*What to do:* Reproduce only what runs from the line containing "Subtle geometric elements" to the line containing "广泛用于工业锅炉、家用锅炉、" in the records below, inclusive. Keep it exact, and keep the pictures out.

*Information supplied:*
##############################

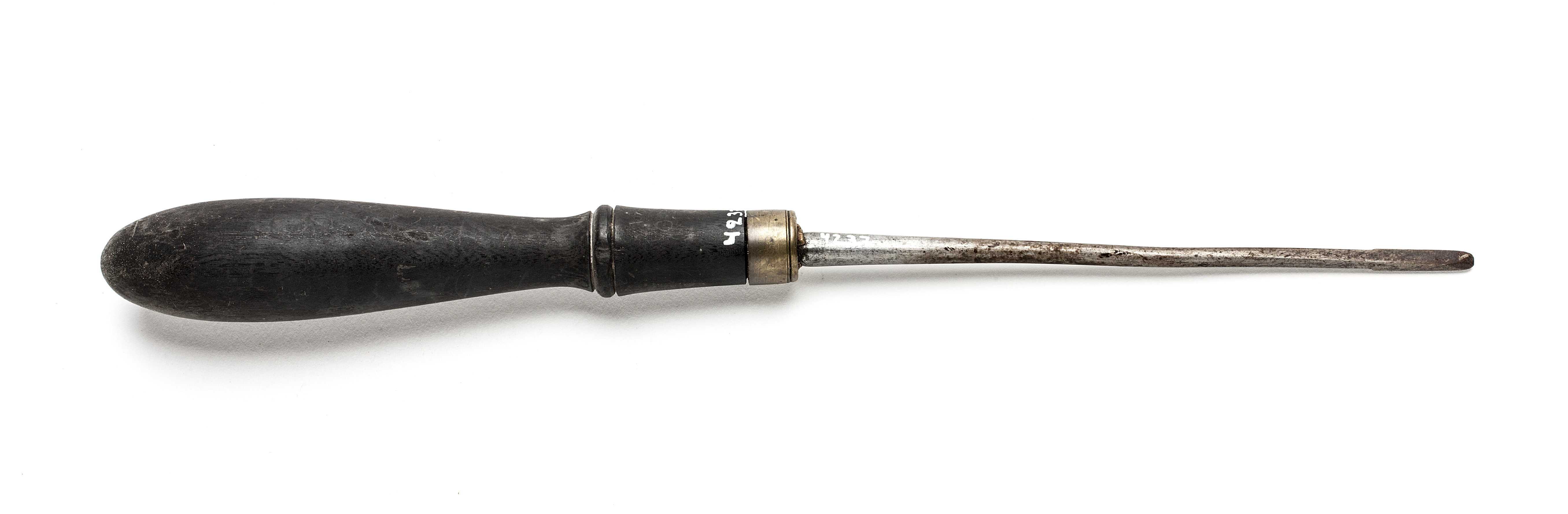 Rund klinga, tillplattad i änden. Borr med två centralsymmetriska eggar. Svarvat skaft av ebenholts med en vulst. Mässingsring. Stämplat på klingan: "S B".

##############################

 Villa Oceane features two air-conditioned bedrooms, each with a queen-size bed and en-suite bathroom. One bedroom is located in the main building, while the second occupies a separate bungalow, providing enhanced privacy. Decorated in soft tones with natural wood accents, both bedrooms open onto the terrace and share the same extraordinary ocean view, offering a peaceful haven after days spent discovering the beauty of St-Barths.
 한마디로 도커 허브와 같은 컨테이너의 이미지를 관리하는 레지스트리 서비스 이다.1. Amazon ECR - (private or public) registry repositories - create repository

##############################

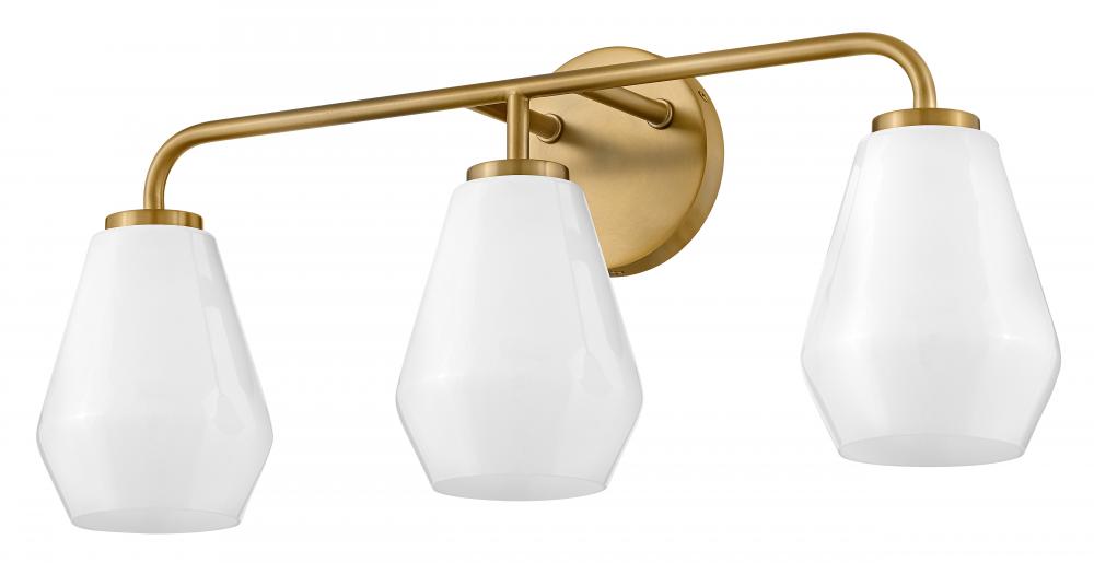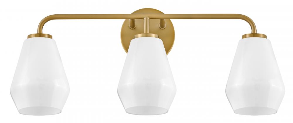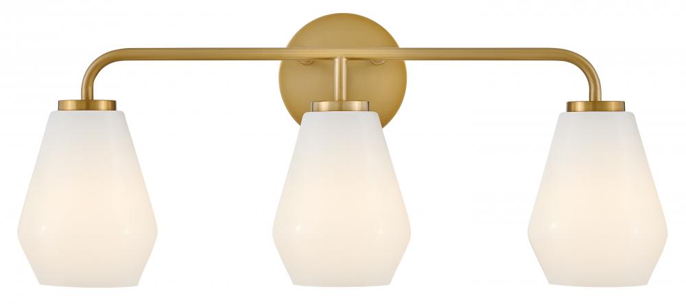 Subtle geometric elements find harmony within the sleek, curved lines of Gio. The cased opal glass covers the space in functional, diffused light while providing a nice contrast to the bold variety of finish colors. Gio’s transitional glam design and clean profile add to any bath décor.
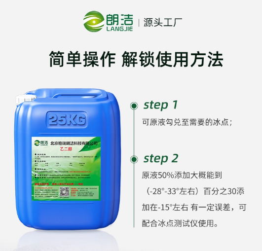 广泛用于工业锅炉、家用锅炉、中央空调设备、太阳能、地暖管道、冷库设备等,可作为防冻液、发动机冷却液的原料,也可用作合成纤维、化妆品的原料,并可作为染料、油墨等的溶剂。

##############################

*Answer box:*
 Subtle geometric elements find harmony within the sleek, curved lines of Gio. The cased opal glass covers the space in functional, diffused light while providing a nice contrast to the bold variety of finish colors. Gio’s transitional glam design and clean profile add to any bath décor.
 广泛用于工业锅炉、家用锅炉、中央空调设备、太阳能、地暖管道、冷库设备等,可作为防冻液、发动机冷却液的原料,也可用作合成纤维、化妆品的原料,并可作为染料、油墨等的溶剂。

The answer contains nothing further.